Intuitivamente, Händel ha colto nel segno: ha considerato le parole di Dio "Consolate!" rivolte alla sua persona, le ha riferite a sé stesso come un richiamo di Dio. Naturalmente, queste parole erano originariamente rivolte a Israele. Ma soprattutto ora, nel periodo dell'Avvento, possiamo vedere che Dio non è venuto per confortare soltanto Israele. Piuttosto, attraverso Gesù - attraverso il "Messia" - Dio si è fatto uomo ed è quindi venuto da ogni essere umano per confortare ognuno di noi. Händel deve averlo capito: Il Messia Gesù è venuto anche per me, per confortarmi e risanarmi. Questo ha liberato in Händel un'enorme speranza, forza ed energia.

 

Händel deve anche aver capito : Dio è davvero con me, si sta prendendo cura della mia brutta situazione. Dio non parla dall'alto, dal cielo senza voler essere coinvolto nei  bisogni concreti di una persona. No, in Gesù, Dio diventa umano come noi e condivide con noi il nostro destino. Nulla di ciò che pesa su noi umani è escluso da Dio, ma Dio se ne fa carico e soffre con noi attraverso Gesù. Egli stesso viene di persona per confortarci. Come potrebbe non essere con Georg Friedrich Händel, nel suo dolore, nelle sue difficoltà finanziarie, nelle sue domande sul futuro, lui, Dio, che ha deposto sé stesso in una mangiatoia e si è persino abbassato fino a noi per subire la nostra morte sulla croce?
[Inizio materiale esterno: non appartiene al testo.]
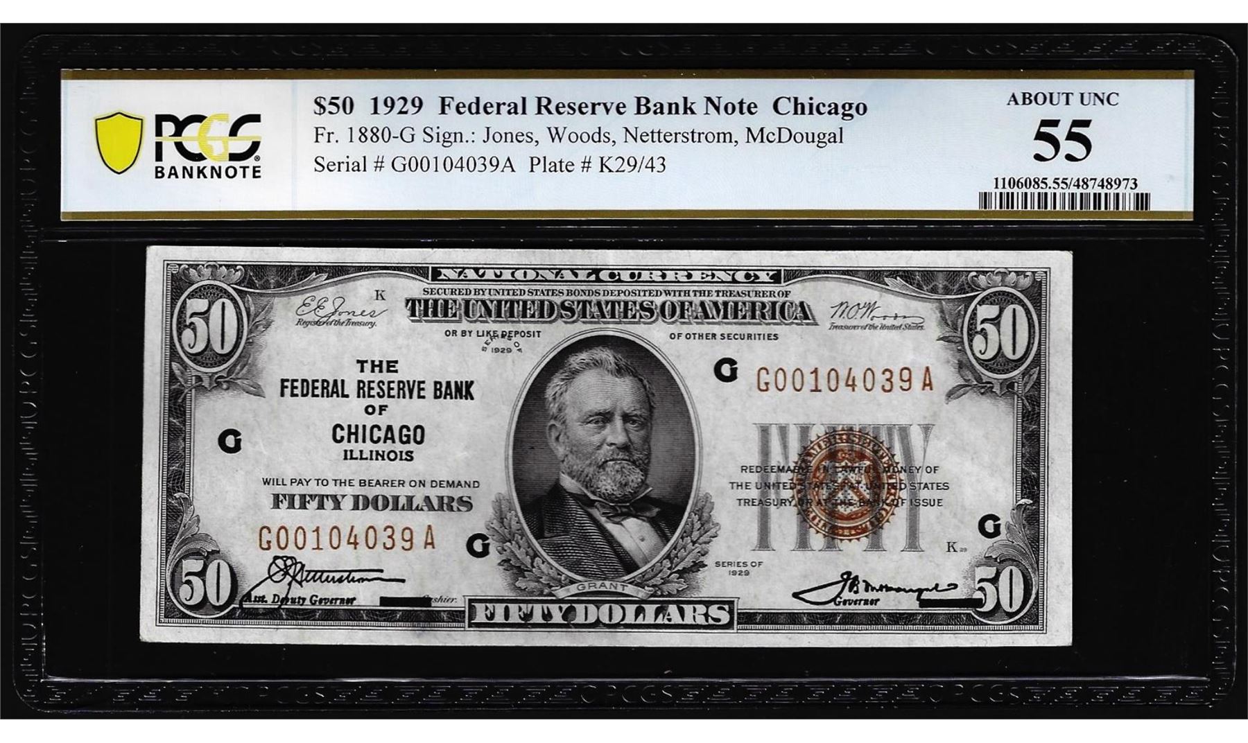 1929 $50 Federal Reserve Bank Note of Chicago Fr.1880-G PCGS About Uncirculated 55

No, Händel sapeva che Dio era personalmente con lui nel profondo della sua angoscia. 

 

E non importava che nulla fosse cambiato nelle circostanze esterne di Händel. Händel non trovò un mucchio di banconote nel suo appartamento quando tornò a casa quella sera, banconote che avrebbero posto fine alle sue difficoltà finanziarie. No, aveva ancora bisogno di soldi. Ma trovò le parole di Dio: "Consolate!", così che improvvisamente seppe che Dio era al suo fianco, nella sua casa, molto vicino a lui. É in questo modo che cambiò la sua vita: il Dio confortante per lui. Una grande luce di speranza brillò improvvisamente sulla sua vita cupa.

 

Spero sinceramente che la parola confortante di Dio raggiunga anche i nostri cuori e che la sua luce di speranza renda le nostre vite più luminose, che qualcosa di simile a Händel accada anche a noi che siamo qui riuniti oggi e che alla fine accada a ciascuno di noi questa mattina. Ognuno di noi ha bisogno delle parole di conforto di Dio ancora e ancora. Ma siamo in grado di fare in modo che esse dispieghino la loro forza dentro di noi? Ci sono situazioni in cui ci sentiamo completamente impotenti e deboli. Siamo bloccati in esilio come il popolo d'Israele, la nostra patria è scomparsa e non c'è più; o bloccati in esilio come Händel, che non riesce più a trovare accesso alla musica, che non riesce più a trovare accesso alla speranza. Ma poi, come dal nulla, arriva una parola di Dio che si afferma in noi, abbattendo tutte le porte chiuse, liberando la strada e accendendo la luce e la speranza nei nostri cuori. Così è stato per Israele, così è stato per Händel. Händel non ha fatto nulla, proprio nulla; è stato Dio a fare tutto in Händel. E perché questo accada, perché Dio prevalga in noi con la sua consolazione, perché prevalga in modo totale e assoluto, non possiamo farlo da soli, possiamo solo chiedere a Dio, possiamo solo pregare.

 

Pregare in questo modo per chiedere la consolazione di Dio per noi è ciò che vorrei fare ora con noi alla fine di questa predica. Vi invito a unirvi a me in una preghiera silenziosa. "Signore, nostro Dio, Padre celeste, che conforti come una madre conforta, che sei venuto nel nostro intimo attraverso il tuo Figlio Gesù Cristo! Questa mattina siamo davanti a te con un cuore debole e vuoto. Desideriamo profondamente il tuo conforto e la tua speranza. Apriamo tutte le porte della nostra vita davanti a te e ti chiediamo: entra in noi, trascorri con noi il tuo Avvento. Riempi i nostri cuori e le nostre vite. Allontana da noi ogni paura e angoscia. Accendi in noi le tue luci di speranza. Sollevaci. Mostraci di nuovo la tua strada. Lascia che attraversiamo la vita guidati da te. Sì, perché ti sei fatto uomo in Gesù, ci fidiamo di te. Verrai, anche da noi, anche nelle nostre profondità. Guardiamo a te con fede e speranza. Ti ringraziamo perché ci ascolti. Amen.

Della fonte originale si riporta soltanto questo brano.